_Exercise instructions_
Going down the listing below, print exactly each line from the one with "上证180价值ETF累计净值增长率与同期业绩比较基准收益率的历史走势对比图" up to and including the one with "注:基金依法应自成立日期起 6 个月内达到基金合同约定的资产组合, 截至", and skip the rest.

_Input_
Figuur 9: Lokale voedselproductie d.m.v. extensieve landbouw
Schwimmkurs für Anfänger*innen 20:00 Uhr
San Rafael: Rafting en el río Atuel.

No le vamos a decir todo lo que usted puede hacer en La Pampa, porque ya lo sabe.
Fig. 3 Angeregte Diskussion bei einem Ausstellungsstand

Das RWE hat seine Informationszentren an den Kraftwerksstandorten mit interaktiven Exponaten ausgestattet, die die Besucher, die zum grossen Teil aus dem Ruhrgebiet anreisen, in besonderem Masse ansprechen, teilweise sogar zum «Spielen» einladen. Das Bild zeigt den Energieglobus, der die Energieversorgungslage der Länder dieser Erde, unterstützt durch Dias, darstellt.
--
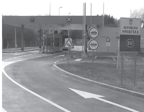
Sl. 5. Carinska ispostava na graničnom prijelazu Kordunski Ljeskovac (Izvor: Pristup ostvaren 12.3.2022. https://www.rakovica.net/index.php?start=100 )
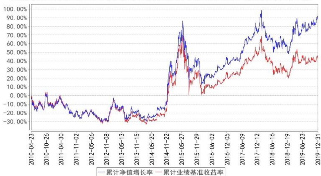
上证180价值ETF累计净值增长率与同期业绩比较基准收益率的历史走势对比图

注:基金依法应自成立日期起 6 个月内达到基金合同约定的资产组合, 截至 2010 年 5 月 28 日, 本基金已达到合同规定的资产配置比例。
--
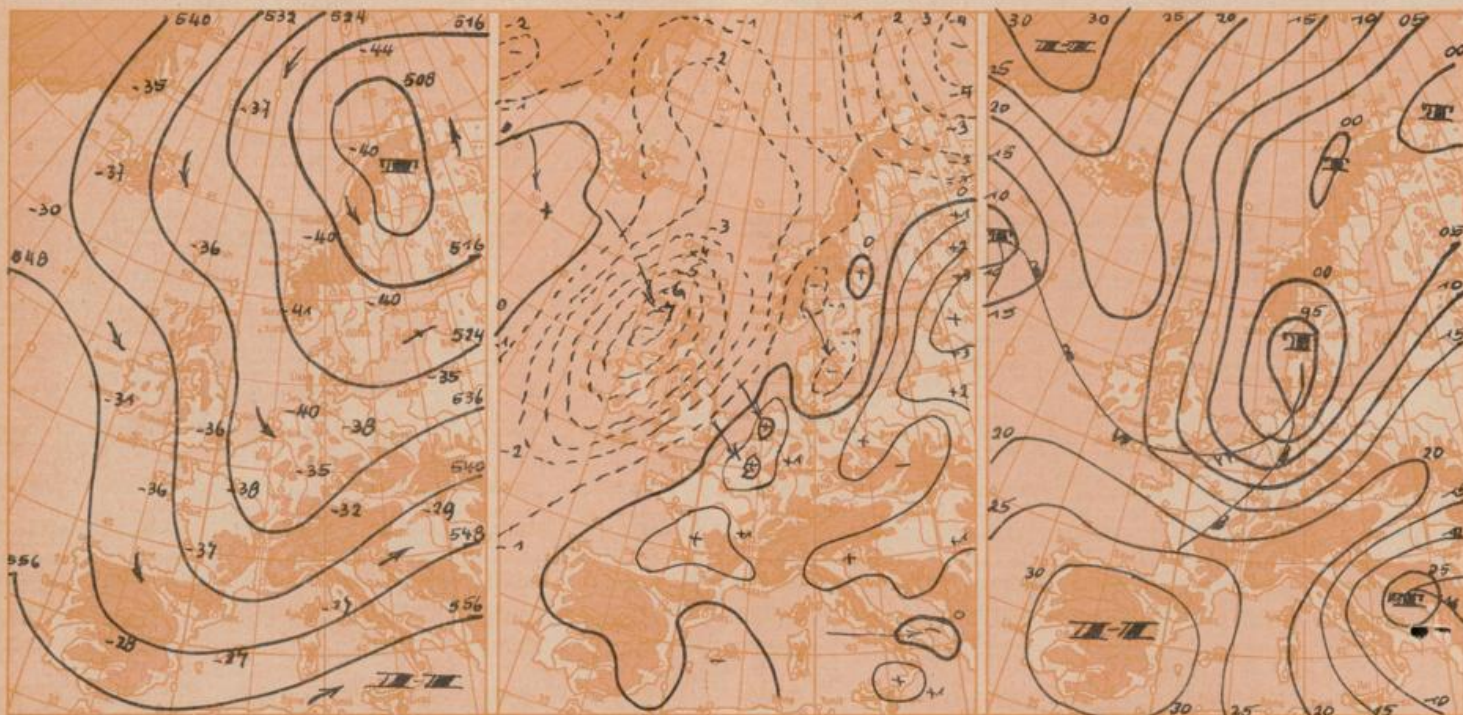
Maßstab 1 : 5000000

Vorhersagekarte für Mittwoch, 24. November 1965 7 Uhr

_Result of the task_
上证180价值ETF累计净值增长率与同期业绩比较基准收益率的历史走势对比图

注:基金依法应自成立日期起 6 个月内达到基金合同约定的资产组合, 截至 2010 年 5 月 28 日, 本基金已达到合同规定的资产配置比例。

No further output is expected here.